What is the correct way to use enable_if in the case I have:

• At least 2 methods that differs only in their arguments and they have the same name but just one of them must be "active" (if N == 1 one of them, if N == 2 the other).
• Only one method that will be active if N == 0 and not active in other cases.

I would like to get something like:

Obj<int, 2> obj2;
Obj<int, 0> obj0;
Obj<int, 1> obj1;

if I write in the IDE obj0. it shows only methods of N == 0 ; obj1. only N == 1 , ... .

Thanks.

Answer 1

Note that enable_if is aimed to trigger SFINAE: if a template parameter substitution fails in its immediate context, it is not a compilation error.

This is exaclty what happens in class A : when the user calls a.method(...) , the compiler attempts to instantiate member function template method , subsituting NN parameter with a constant, which might fail.

However, in case of B::method the "bad" substitution occurs during class template B instantiation, when the compiler substitues N . The failure occurs far from the parameter's immediate context, which is in this case template<typename T, std::size_t N> class B .

That's why in the second case you will get a compilation error, rather than SFINAE.

So, to enable/disable member functions depending on the class template parameter, use the first approach, combining conditions as you wish.
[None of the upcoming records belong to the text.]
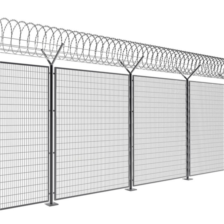 核電站圍欄網(wǎng)的-電廠防護網(wǎng)廠家是一款用于電廠的護欄網(wǎng)產(chǎn)品,其安全防護級別很高,也經(jīng)常用于監(jiān)獄,機場等等高安全防護場所。是由V型支架立柱,型焊接片網(wǎng),安全防盜連接件和熱鍍鋅蛇腹型刀刺網(wǎng)組成。具有安全性高、防攀爬能力好,網(wǎng)片連接方式采用特制SBS緊扣件,有效防止人為的破壞性拆卸,
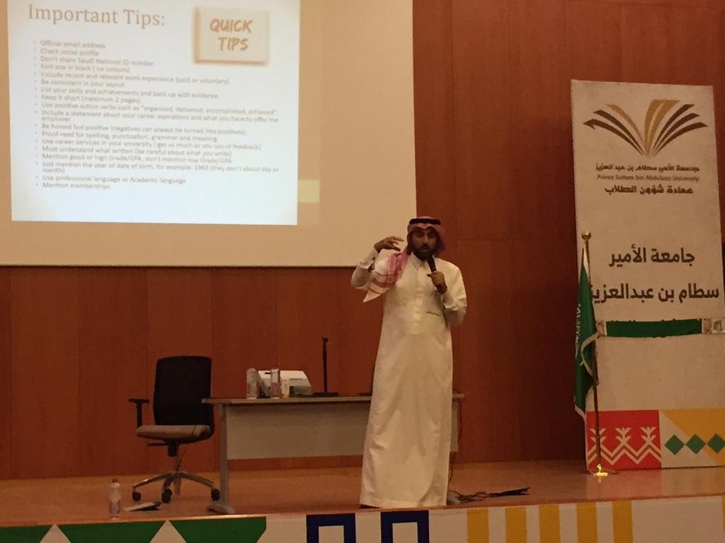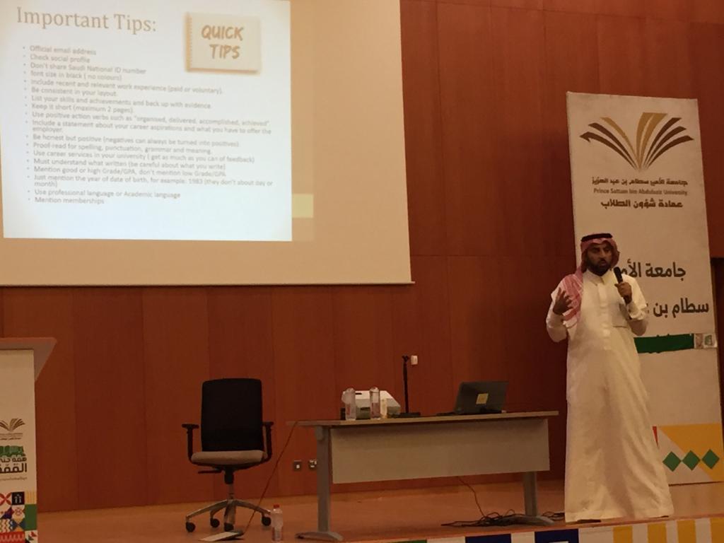 استمراراً لجهود كلية إدارة الأعمال بالخرج في تأهيل طلابها للتنافس في سوق العمل وإثبات جدارتهم، أقامت وحدة الخريجين ورشة عمل في مجال التأهيل الوظيفي لطلاب كلية ادارة الأعمال والتي كانت بعنوان "مهارات البحث عن عمل"، والتي قام بتقديمها سعادة الدكتور/ محمد المحيا رئيس قسم إدارة الموارد البشرية. تناولت الورشة بعض الإرشادات والتوجيهات التي تمكن الطالب من اكتساب خبرات وقدرات لحديثي التخرج للحصول على فرصة عمل والتي منها حضور الدورات التدريبية والعمل التطوعي والعمل الجزئي. ولقد تناول الدكتور المحيا عدد من المحاور الأخرى التي تهم الطلاب المتخرجين حديثا والتي تشمل التميز في بناء السيرة الذاتية المؤهله للمقابلة الشخصية, وتم تقديم توجيهات قيمة في بناء السيرة الذاتية. كما شملت الورشة بعض التوجيهات لتحقيق الكفاءة في المقابلات الشخصية والظهور بشكل ايجابي. وقد كان للجانب التقني دور هام في هذه الورشة حيث تم التعريف بأبرز البوابات الإلكترونية الموجهه للباحثين عن الوظائف، والتعريف بالبرامج التوظيفية الوطنية كبرنامج طاقات وبرنامج تمهير. كما دعا الدكتور المحيا الحضور إلى الاستفادة من خبرات أعضاء هيئة التدريس بالكلية لتوجيههم إلى أفضل الاحتمالات الممكنة لبناء السيرة الذاتية وتجاوز المقابلات الشخصية وكذلك بما يتعلق بالشهادات المهنية في التخصص الجامعي والتى لها الدور في تمييز الخريجين عن غيرهم.وقد شهدت تلك الورشة حضور عدد من الطلاب حيث لاقت إستحساناً كبيراً منهم. الجدير بالذكر أن وحدة الخريجين تقدم الآن سلسلة من الدورات وورش العمل التدريبية بهدف تطوير وتأهيل الطلاب الخريجين والمتوقع تخرجهم في مجالات مختلفة منها ما يتعلق بمجال التأهيل الوظيفي، والتدريب المهني. وتدعوا وحدة الخريجين الطلاب بضرورة الحضور والإستفادة من تلك الدورات لما تقدمه لهم من نفع وصقل لمهاراتهم.
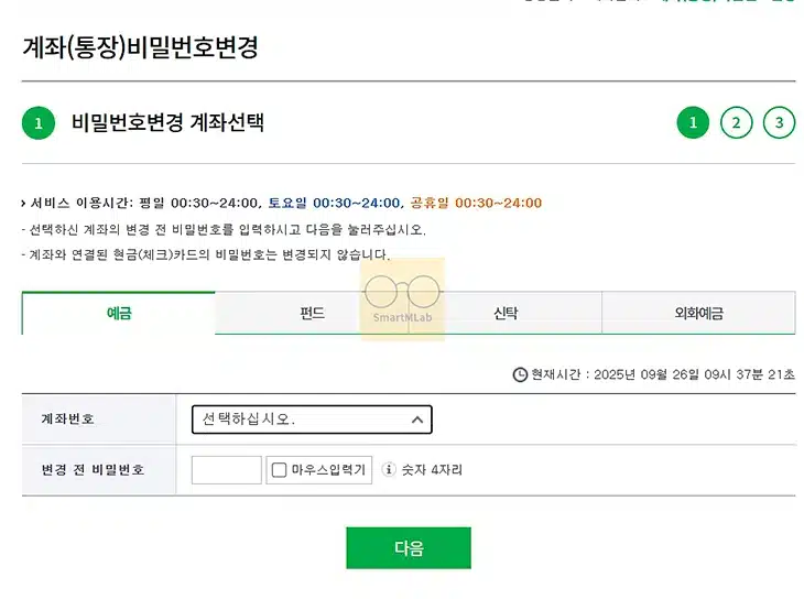직접 방문이 어렵다면 NH스마트뱅킹 앱을 통해서도 비밀번호 오류 해제 및 재설정이 가능합니다.
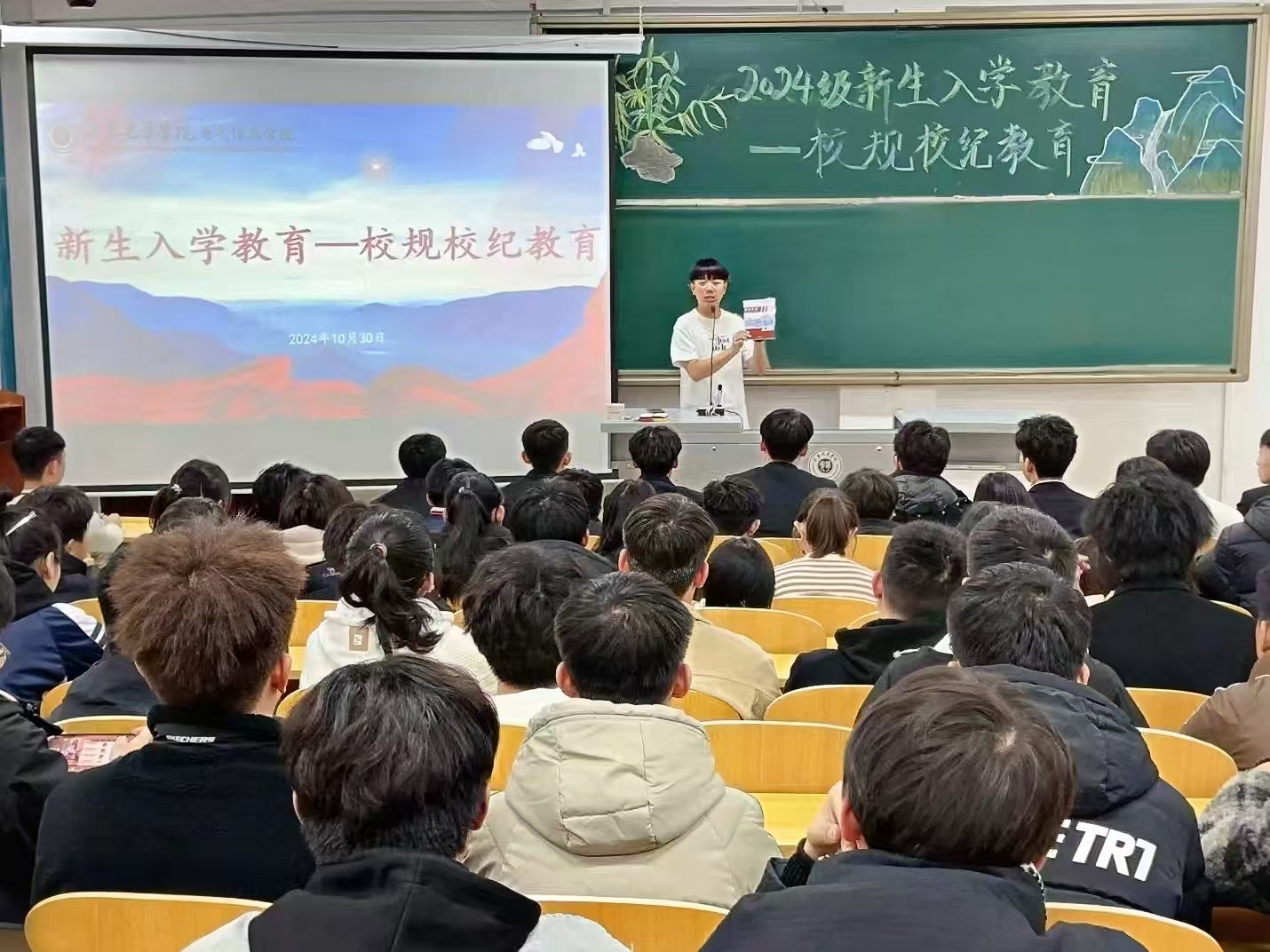为尽快帮助2024级新同学们完成角色转变,树立制度意识和纪律意识,促进基础文明好习惯的养成,2024年10月30日,开云kaiyun官方网站在二教318教室召开新生入学教育之“校规校纪教育”主题讲座。本次讲座由开云kaiyun官方网站辅导员曲相日主讲,2024级全体学生参加。辅导员曲相日对《长春光华学院2024年学生手册》进行了详细解读,对学生日常管理、宿舍管理、基础文明、违纪处理流程等方面进行了细致深入地讲解,着重强调了旷课、晚归、考试违纪、寝室内使用违章电器、寝室内饲养小动物等行为导致的严重后果。结合实际案例对学生学习、生活和校园管理等方面的要求进行了说明和强调。此次主题讲座,进一步深化宣传了校规校纪教育,让2024级新同学们学纪、知纪、明纪、守纪,做到心有所畏、言有所戒、行有所止,确保校规校纪教育工作真正落地生根、发挥实效。
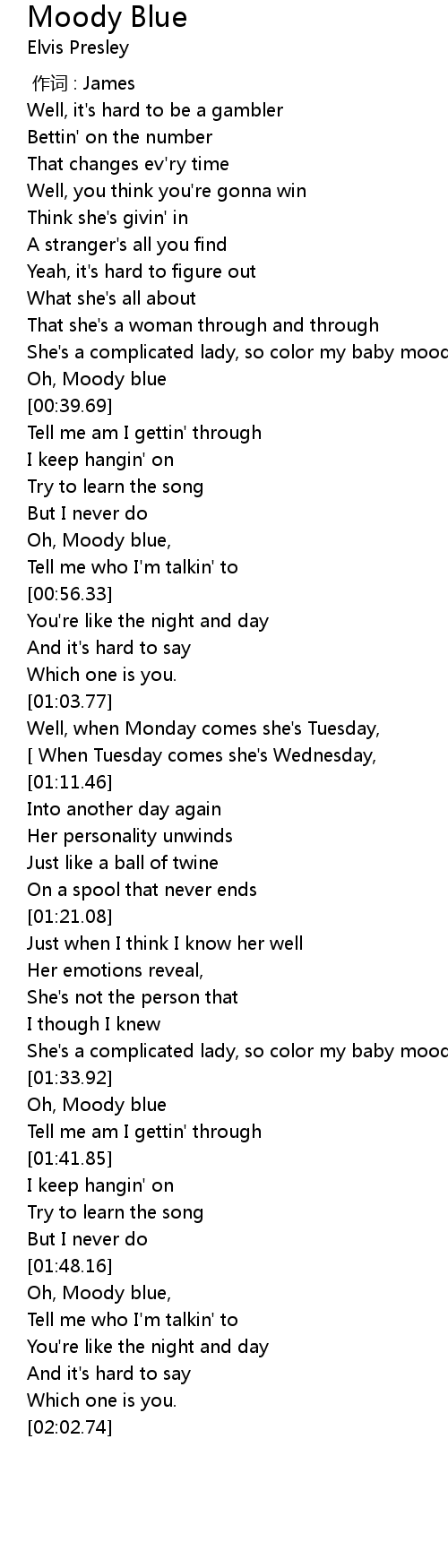 | [00:30.34] | She's a complicated lady, so color my baby moody blue, |
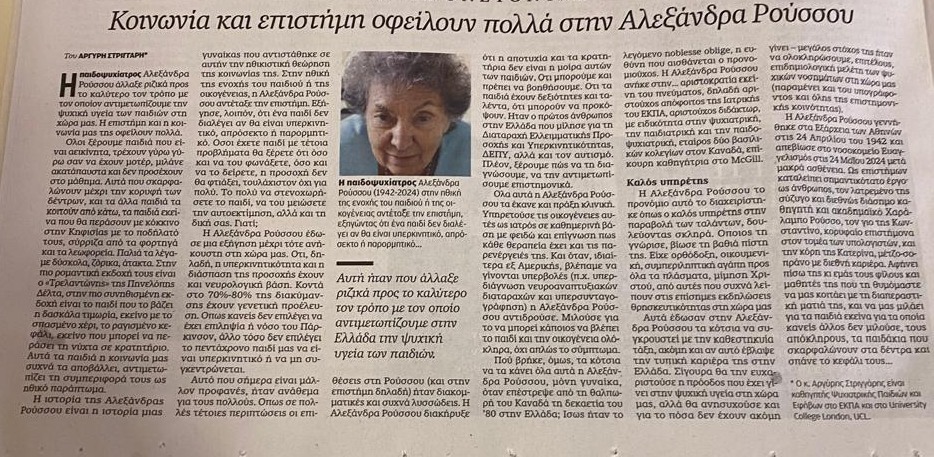 Ο Αργύρης Στριγγάρης, Καθηγητής Ψυχιατρικής Παιδιών και Εφήβων στο ΕΚΠΑ και στο University College London (UCL), δημοσίευσε στην Καθημερινή της 16/6/2024 άρθρο για την επιφανή παιδοψυχίατρο Αλεξάνδρα Ρούσσου, που έφυγε από τη ζωή τον περασμένο Μάιο. Ήταν η πρώτη επιστήμων στην Ελλάδα που μίλησε για τη Διαταραχή Ελλειματικής Προσοχής και Υπερκινητικότητας (ΔΕΠΥ) αλλά και για τον αυτισμό.

For instance:

template <typename T, std::size_t N>
class A {
    template <std::size_t NN = N, typename = std::enable_if_t<NN == 2 || NN == 0>>
    void method(int, int)
    {}

    template <std::size_t NN = N, typename = std::enable_if_t<NN == 1 || NN == 0>>
    void method(int)
    {}
};

UPDATE : How enable_if works. Roughly, one can implement it like this:

template<bool, class T = void>
struct enable_if {};

template<class T>
struct enable_if<true, T> {
    using type = T;
};

Note that if the first argument is false , enable_if doesn't have inner type , so enable_if<false, int>::type would be ill-formed. That's what triggers SFINAE.